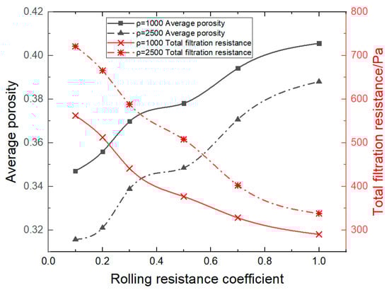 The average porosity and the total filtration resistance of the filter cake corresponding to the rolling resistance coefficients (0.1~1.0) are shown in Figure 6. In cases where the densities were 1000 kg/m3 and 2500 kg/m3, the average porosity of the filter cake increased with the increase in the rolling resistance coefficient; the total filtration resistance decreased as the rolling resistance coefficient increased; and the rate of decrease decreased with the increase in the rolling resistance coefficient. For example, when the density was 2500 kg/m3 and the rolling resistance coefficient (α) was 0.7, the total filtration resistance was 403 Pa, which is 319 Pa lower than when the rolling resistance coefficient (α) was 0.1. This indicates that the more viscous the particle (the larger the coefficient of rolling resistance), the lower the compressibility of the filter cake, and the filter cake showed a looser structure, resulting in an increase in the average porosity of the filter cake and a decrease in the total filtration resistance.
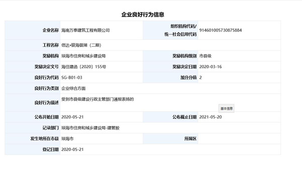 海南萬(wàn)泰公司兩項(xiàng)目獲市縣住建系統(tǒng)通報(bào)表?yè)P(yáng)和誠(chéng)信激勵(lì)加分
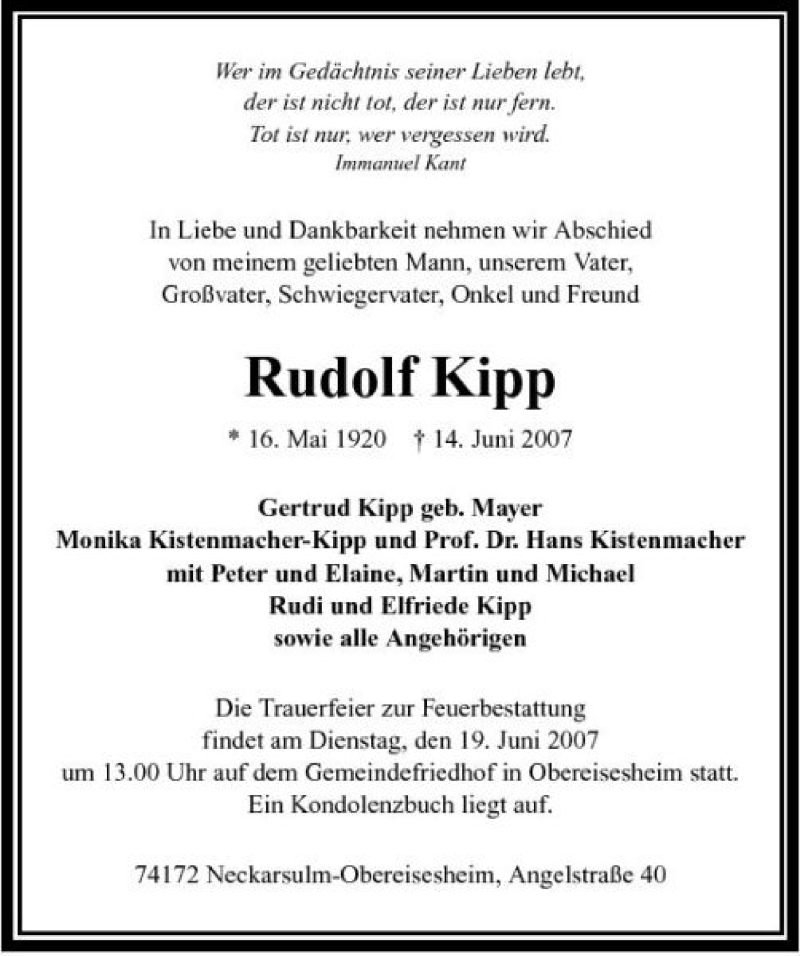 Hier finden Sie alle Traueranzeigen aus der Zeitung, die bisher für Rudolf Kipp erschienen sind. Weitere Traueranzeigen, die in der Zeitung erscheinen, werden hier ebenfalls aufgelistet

_Task item_:
Give again, word for word, the lines above from the one with "海南萬(wàn)泰公司兩項(xiàng)" through the final line of the data, both ends included. Do not copy any picture.

_Answer to this problem_:
 海南萬(wàn)泰公司兩項(xiàng)目獲市縣住建系統(tǒng)通報(bào)表?yè)P(yáng)和誠(chéng)信激勵(lì)加分
 Hier finden Sie alle Traueranzeigen aus der Zeitung, die bisher für Rudolf Kipp erschienen sind. Weitere Traueranzeigen, die in der Zeitung erscheinen, werden hier ebenfalls aufgelistet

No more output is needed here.